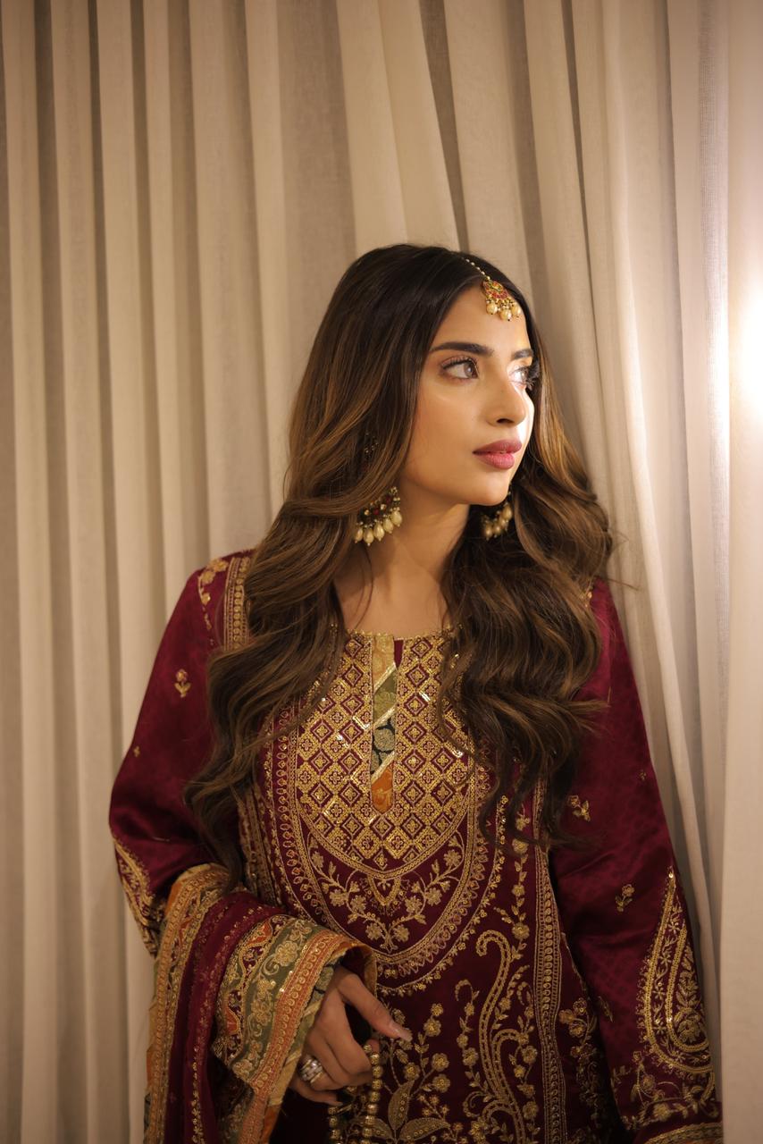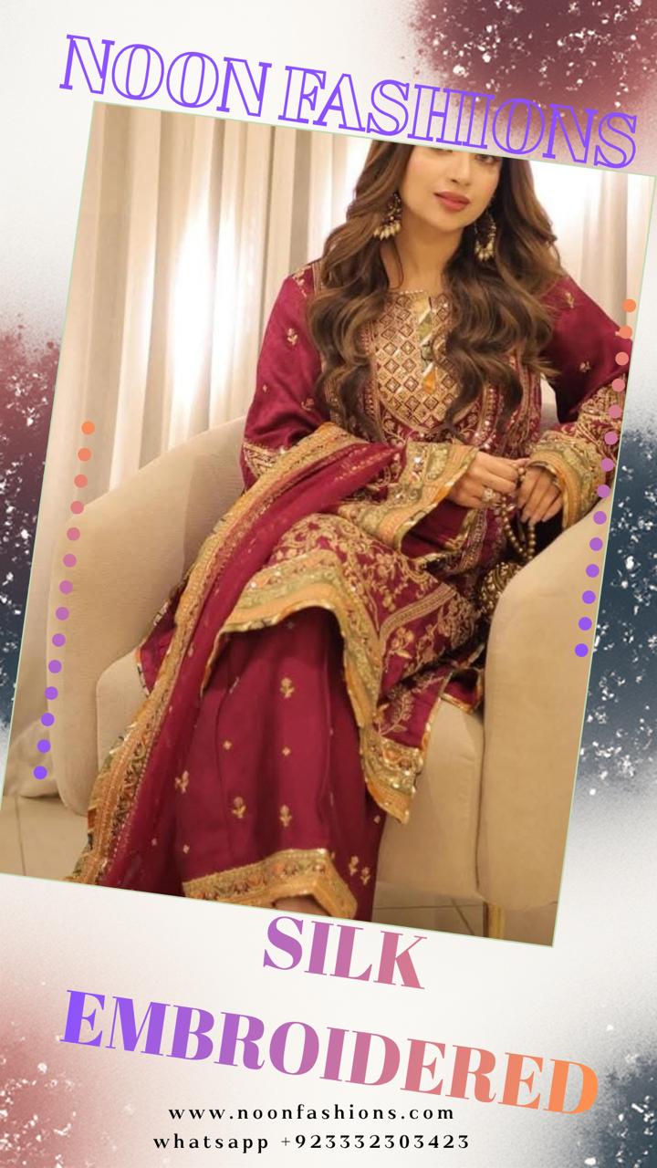 Elevate your festive and wedding wardrobe with this Hot Pink Charmeuse Silk 3-Piece Unstitched Dress, inspired by Aneela’s signature luxury aesthetics. Crafted to perfection, this outfit blends traditional craftsmanship with premium fabrics for a truly regal look.
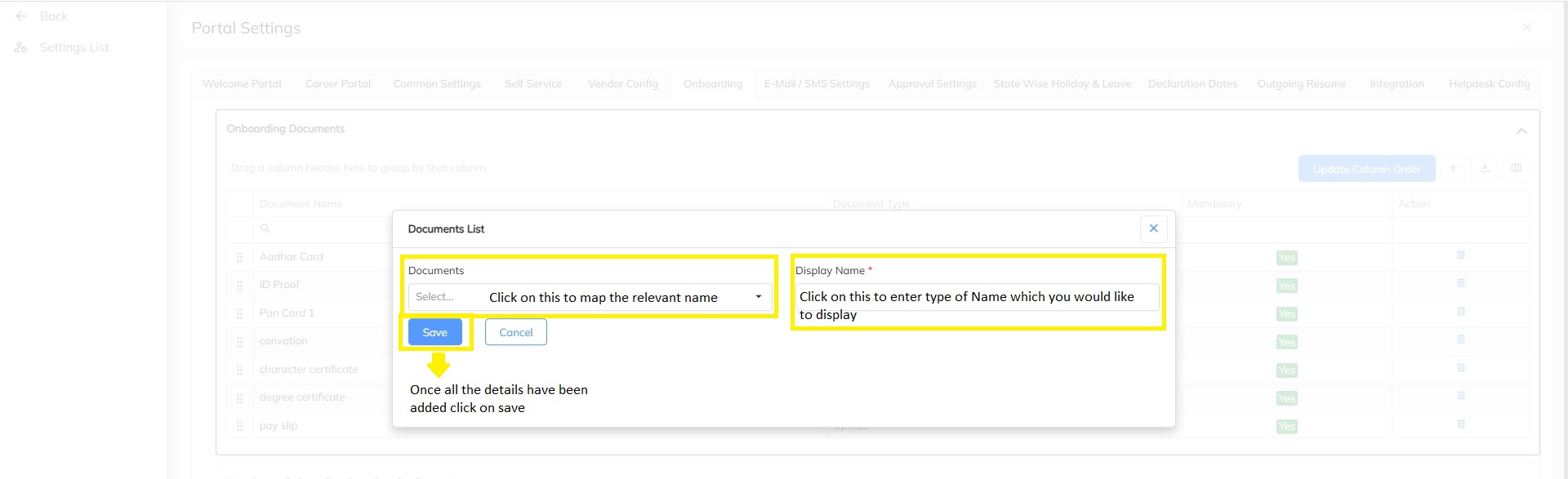 - Display Name: Here the user will enter the relevant document name which will be considered for display
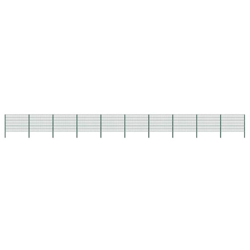 Отличаващ се с прост, но практичен дизайн, този комплект панели за градинска ограда със стълбове ще подхожда перфектно на всяка градина. Изработен от устойчиво на атмосферни влияния и устойчиво на корозия желязо с прахово покритие, този комплект панелни огради е изключително здрав и издръжлив. Комплектът ограда е лесен за поставяне и ще образува страхотна бариера, за да държи нежеланите гости далеч от вашата градина или вътрешен двор. Доставката включва 30 х 2 D оградни панела и 11 кола.
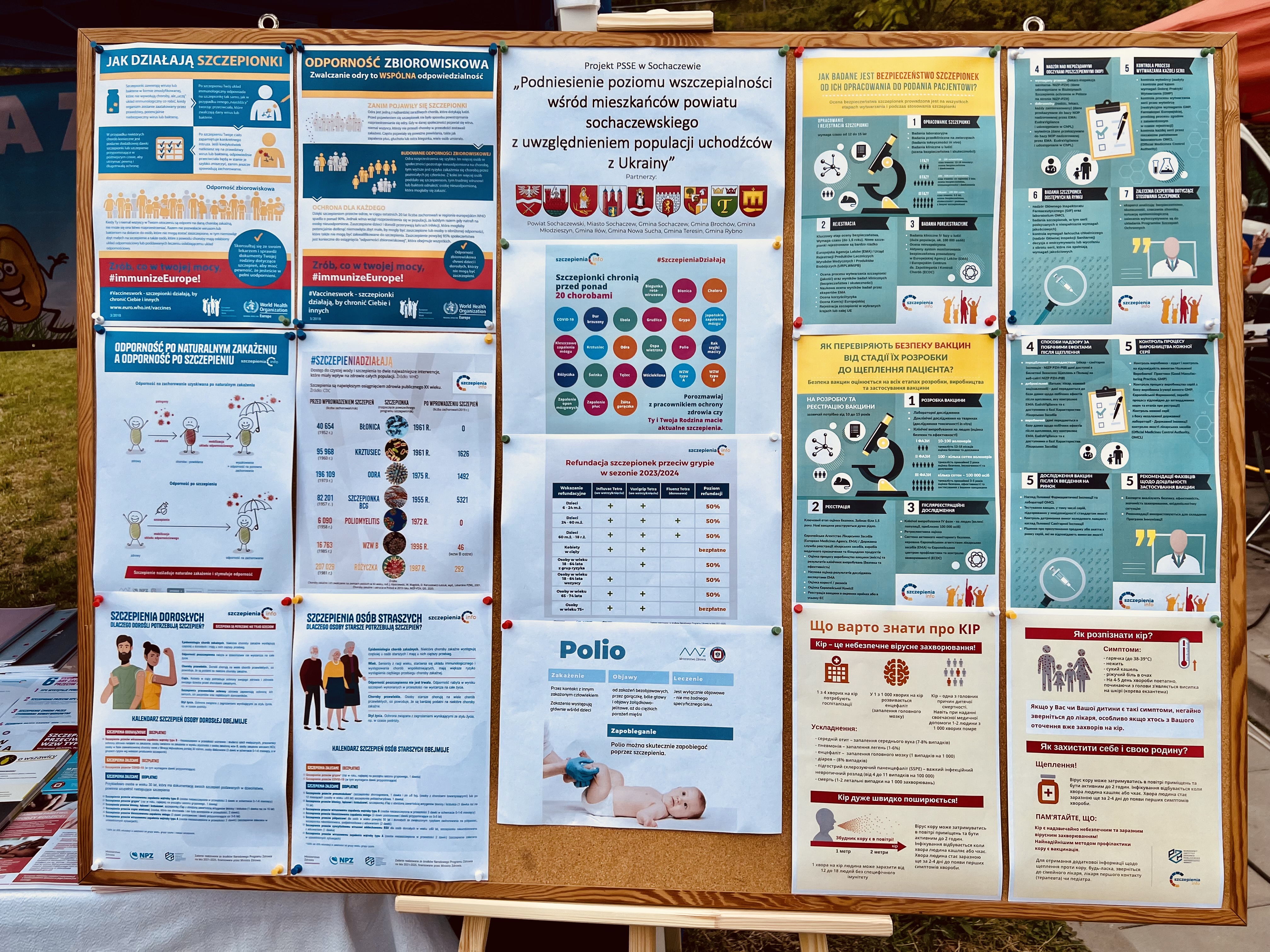 Na stoisku dystrybuowano materiały informacyjno-edukacyjne w językach polskim i ukraińskim. Przygotowano dwujęzyczną tablicę z informacjami m.in. na temat polio, salmonelli, WZW typu A, odry, krztuśca, pneumokoków, bezpieczeństwa szczepionek oraz czerpania informacji na temat szczepień ochronnych z rzetelnych źródeł. Ponadto promowano szczepienia obowiązkowe i zalecane, w tym szczepienia przeciwko grypie.

########

All the data above is to be transcribed exactly, with no pictures included.

Response for this exercise:
 Elevate your festive and wedding wardrobe with this Hot Pink Charmeuse Silk 3-Piece Unstitched Dress, inspired by Aneela’s signature luxury aesthetics. Crafted to perfection, this outfit blends traditional craftsmanship with premium fabrics for a truly regal look.
 - Display Name: Here the user will enter the relevant document name which will be considered for display
 Отличаващ се с прост, но практичен дизайн, този комплект панели за градинска ограда със стълбове ще подхожда перфектно на всяка градина. Изработен от устойчиво на атмосферни влияния и устойчиво на корозия желязо с прахово покритие, този комплект панелни огради е изключително здрав и издръжлив. Комплектът ограда е лесен за поставяне и ще образува страхотна бариера, за да държи нежеланите гости далеч от вашата градина или вътрешен двор. Доставката включва 30 х 2 D оградни панела и 11 кола.
 Na stoisku dystrybuowano materiały informacyjno-edukacyjne w językach polskim i ukraińskim. Przygotowano dwujęzyczną tablicę z informacjami m.in. na temat polio, salmonelli, WZW typu A, odry, krztuśca, pneumokoków, bezpieczeństwa szczepionek oraz czerpania informacji na temat szczepień ochronnych z rzetelnych źródeł. Ponadto promowano szczepienia obowiązkowe i zalecane, w tym szczepienia przeciwko grypie.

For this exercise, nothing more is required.